**DIRECTIONS FOR THIS TASK:** Under this line is a listing; return exactly the lines starting at the one with "Reflective umbrellas are" and running down to the one with "ACTUALNEWS.ID, Kodam Jaya, Jakarta", and leave out its pictures.

**AVAILABLE DATA:**

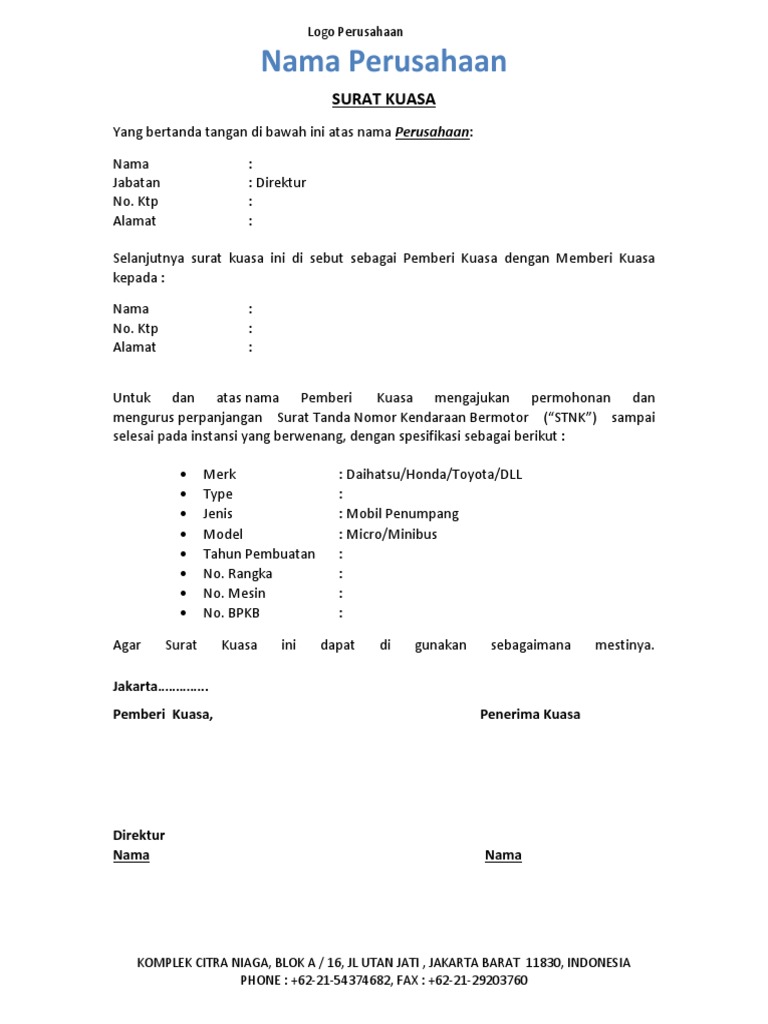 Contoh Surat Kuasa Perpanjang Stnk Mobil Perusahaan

...

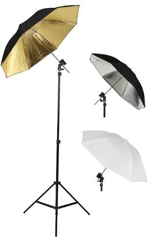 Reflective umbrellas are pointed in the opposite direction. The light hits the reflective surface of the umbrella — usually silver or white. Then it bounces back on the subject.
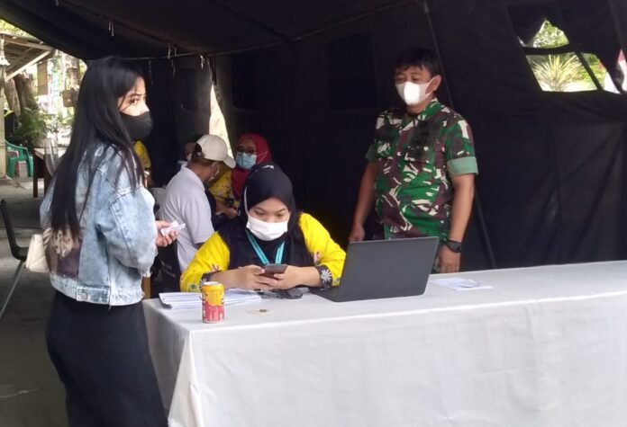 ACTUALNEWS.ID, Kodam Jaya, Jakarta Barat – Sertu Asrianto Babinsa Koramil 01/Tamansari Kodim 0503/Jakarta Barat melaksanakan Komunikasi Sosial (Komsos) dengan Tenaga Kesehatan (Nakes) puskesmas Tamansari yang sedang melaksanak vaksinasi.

**ANSWER SPACE:**
 Reflective umbrellas are pointed in the opposite direction. The light hits the reflective surface of the umbrella — usually silver or white. Then it bounces back on the subject.
 ACTUALNEWS.ID, Kodam Jaya, Jakarta Barat – Sertu Asrianto Babinsa Koramil 01/Tamansari Kodim 0503/Jakarta Barat melaksanakan Komunikasi Sosial (Komsos) dengan Tenaga Kesehatan (Nakes) puskesmas Tamansari yang sedang melaksanak vaksinasi.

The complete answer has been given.